Relevant code: ​http://cgit.haiku-os.org/haiku/tree/src/add-ons/kernel/busses/usb/xhci.cpp

[korli]

Keep in mind that FreeBSD couldn't boot on QEMU via XHCI at least in 2015. So having it working might not be so blocking in the end.

[kallisti5]

Failed XHCI boot w/qemu xhci debug inline and Haiku usb tracing

[kallisti5]

After looking at this for a while, I think part of the issue is the SetAddress fails:

usb xhci -1: Set Address
usb xhci -1: command[4] = b (0x00000000066bb000, 0x00000000, 0x02002c00)
usb xhci -1: Ding Dong! slot:0 endpoint 0
2055@1487952628.192117:usb_xhci_doorbell_write off 0x0000, val 0x00000000
2055@1487952628.192123:usb_xhci_fetch_trb addr 00000000064fed80, CR_ADDRESS_DEVICE, p 00000000066bb000, s 00000000, c 0x02002c01
2055@1487952628.192131:usb_xhci_slot_address slotid 2, port 1
2055@1487952628.192136:usb_xhci_queue_event v 0, idx 7, ER_COMMAND_COMPLETE, CC_TRB_ERROR, p 00000000064fed80, s 05000000, c 0x02008401
2055@1487952628.192141:usb_xhci_irq_msi nr 0
2055@1487952628.192147:usb_xhci_fetch_trb addr 00000000064fed90, TRB_RESERVED, p 0000000000000000, s 00000000, c 0x00000000
2055@1487952628.192161:usb_xhci_oper_read off 0x0004, ret 0x00000008
2055@1487952628.192172:usb_xhci_runtime_read off 0x0020, ret 0x00000003
2055@1487952628.192183:usb_xhci_oper_write off 0x0004, val 0x00000008
2055@1487952628.192194:usb_xhci_runtime_write off 0x0020, val 0x00000003
usb xhci -1: Event Interrupt
usb xhci -1: event[7] = 33 (0x00000000064fed80 0x05000000 0x02008401)
usb xhci -1: event[7] = 33 (0x00000000064fed80 0x05000000 0x02008401)
usb xhci -1: Received command event
usb xhci -1: event[8] = 0 (0x0000000000000000 0x00000000 0x00000000)
2055@1487952628.196027:usb_xhci_runtime_write off 0x0038, val 0x064fe0c8
2055@1487952628.196037:usb_xhci_runtime_write off 0x003c, val 0x00000000
2055@1487952628.196066:usb_xhci_doorbell_read off 0x0000, ret 0x00000000
usb xhci -1: Command Complete
usb error xhci -1: unsuccessful command TRB (5)
usb xhci -1: Storing trb 0x05000000 0x02008401
usb error xhci -1: unable to set address
usb xhci roothub: request: 1
usb xhci roothub: clear feature: 1

SetAddress() only gets called once and fails with an CC_TRB_ERROR from the XHCI host controller.

[kallisti5]

More interesting, AllocateDevice gets called twice on hubAddress 1, hubPort 1 speed 3. The first time is successful. Second time fails.

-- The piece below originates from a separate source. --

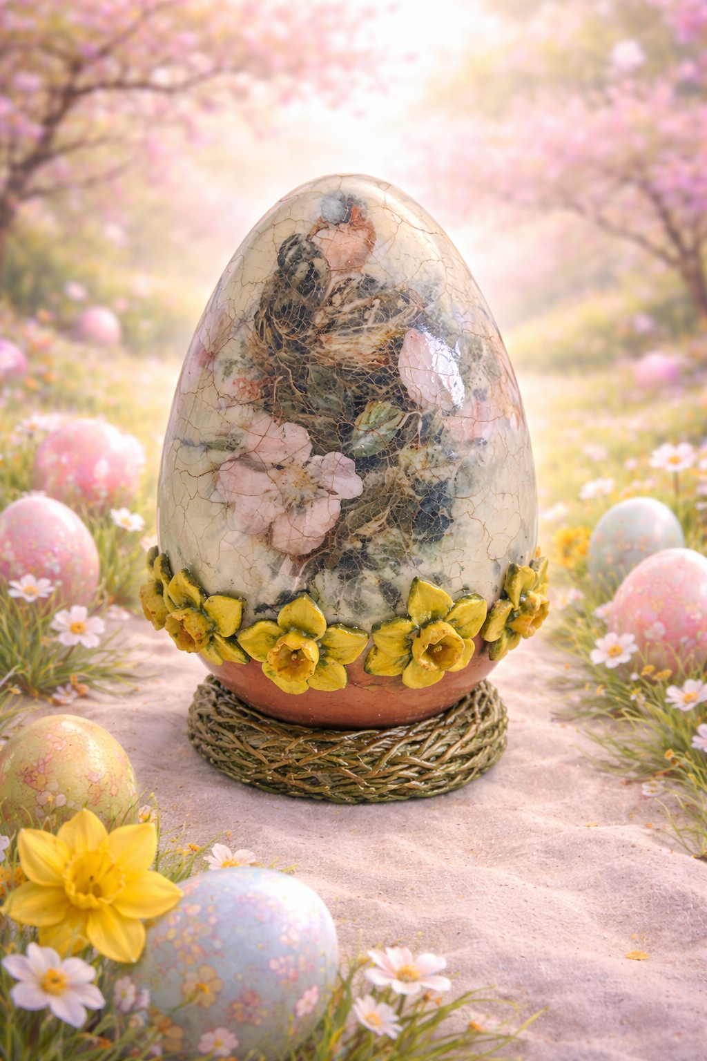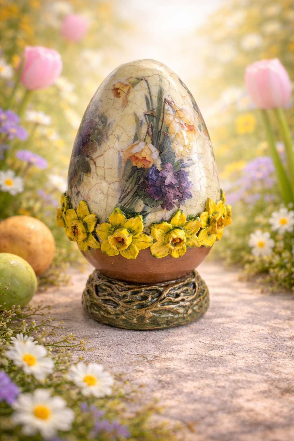 Urocza pisanka z narcyzami w koszyczku może być piękną ozdobą świątecznego stołu lub nietuzinkowym elementem wystroju wnętrza. Pisanka utrzymana w kolorach beżu, zieleni i miedzianego złota.

I diffed' the similar calls and took of screenshot of the differences in meld.

[kallisti5]

meld of two allocatedevice calls on same port. first works, second fails.

[kallisti5]

Looking through the XHCI tickets. We commonly see the following errors per the XHCI spec:

• 5 TRB Error
  • Asserted when a TRB parameter error condition (e.g., out of range or invalid parameter) is detected in a TRB. Refer to section 4.10.2.2 for examples

    4.10.2.2 TRB Error A TRB Error indicates the TRB field values are out of range or that the xHC has determined that a TRB is incorrectly formed. This error condition may be reported in a Transfer Event or a Command Completion Event due to an error detected on a Transfer or Command TRB, respectively. This error will not be reported in any other Event TRB types. Note: A Transfer Ring TRB Error should transition an endpoint to the Error state (refer to section 4.8.3), however an xHC implementation may assert HCE18 due to the detection of TRB Error related error conditions. It is the responsibility of software to always present correctly formed TRBs to the xHC.

• 17 Parameter Error
  • Asserted by a command if a Context parameter is invalid.

All of the errors we see seem to align to an incorrectly set parameter field.

[kallisti5]

Interestingly, on qemu we see the following:

usb xhci -1: successfully started the controller
usb xhci -1: No-Op test...
usb xhci -1: Noop
usb xhci -1: command[0] = 17 (0x0000000000000000, 0x00000000, 0x00005c00)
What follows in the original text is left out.